*Assignment:*
The answer should be an exact repeat of the stretch of material below from the line containing "You could say" through the line containing "١٩٥١٨ - حَدَّثَنَا".

** Records supplied follows **

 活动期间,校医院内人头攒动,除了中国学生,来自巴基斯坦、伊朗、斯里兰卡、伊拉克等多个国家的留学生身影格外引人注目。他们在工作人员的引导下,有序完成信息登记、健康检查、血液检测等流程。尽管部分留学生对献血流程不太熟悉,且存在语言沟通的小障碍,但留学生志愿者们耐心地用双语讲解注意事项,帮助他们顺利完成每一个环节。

** End of Records supplied **
** Records supplied follows **

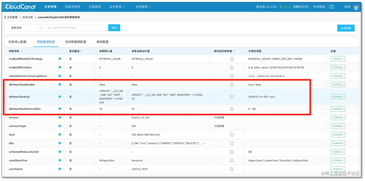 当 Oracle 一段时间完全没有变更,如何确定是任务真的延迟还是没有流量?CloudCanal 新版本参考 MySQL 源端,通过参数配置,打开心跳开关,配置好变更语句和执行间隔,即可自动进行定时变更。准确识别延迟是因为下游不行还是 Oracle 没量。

** End of Records supplied **
** Records supplied follows **

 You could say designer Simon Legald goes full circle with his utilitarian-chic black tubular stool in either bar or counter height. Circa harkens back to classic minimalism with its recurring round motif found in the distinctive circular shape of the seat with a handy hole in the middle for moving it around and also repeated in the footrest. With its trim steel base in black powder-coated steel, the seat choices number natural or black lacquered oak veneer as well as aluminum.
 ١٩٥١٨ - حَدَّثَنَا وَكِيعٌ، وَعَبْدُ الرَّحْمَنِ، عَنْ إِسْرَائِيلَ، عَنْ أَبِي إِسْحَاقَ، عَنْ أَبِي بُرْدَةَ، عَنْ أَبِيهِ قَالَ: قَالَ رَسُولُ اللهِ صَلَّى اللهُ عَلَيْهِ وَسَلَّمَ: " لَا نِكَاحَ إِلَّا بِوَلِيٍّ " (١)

** End of Records supplied **

*Final answer:*
 You could say designer Simon Legald goes full circle with his utilitarian-chic black tubular stool in either bar or counter height. Circa harkens back to classic minimalism with its recurring round motif found in the distinctive circular shape of the seat with a handy hole in the middle for moving it around and also repeated in the footrest. With its trim steel base in black powder-coated steel, the seat choices number natural or black lacquered oak veneer as well as aluminum.
 ١٩٥١٨ - حَدَّثَنَا وَكِيعٌ، وَعَبْدُ الرَّحْمَنِ، عَنْ إِسْرَائِيلَ، عَنْ أَبِي إِسْحَاقَ، عَنْ أَبِي بُرْدَةَ، عَنْ أَبِيهِ قَالَ: قَالَ رَسُولُ اللهِ صَلَّى اللهُ عَلَيْهِ وَسَلَّمَ: " لَا نِكَاحَ إِلَّا بِوَلِيٍّ " (١)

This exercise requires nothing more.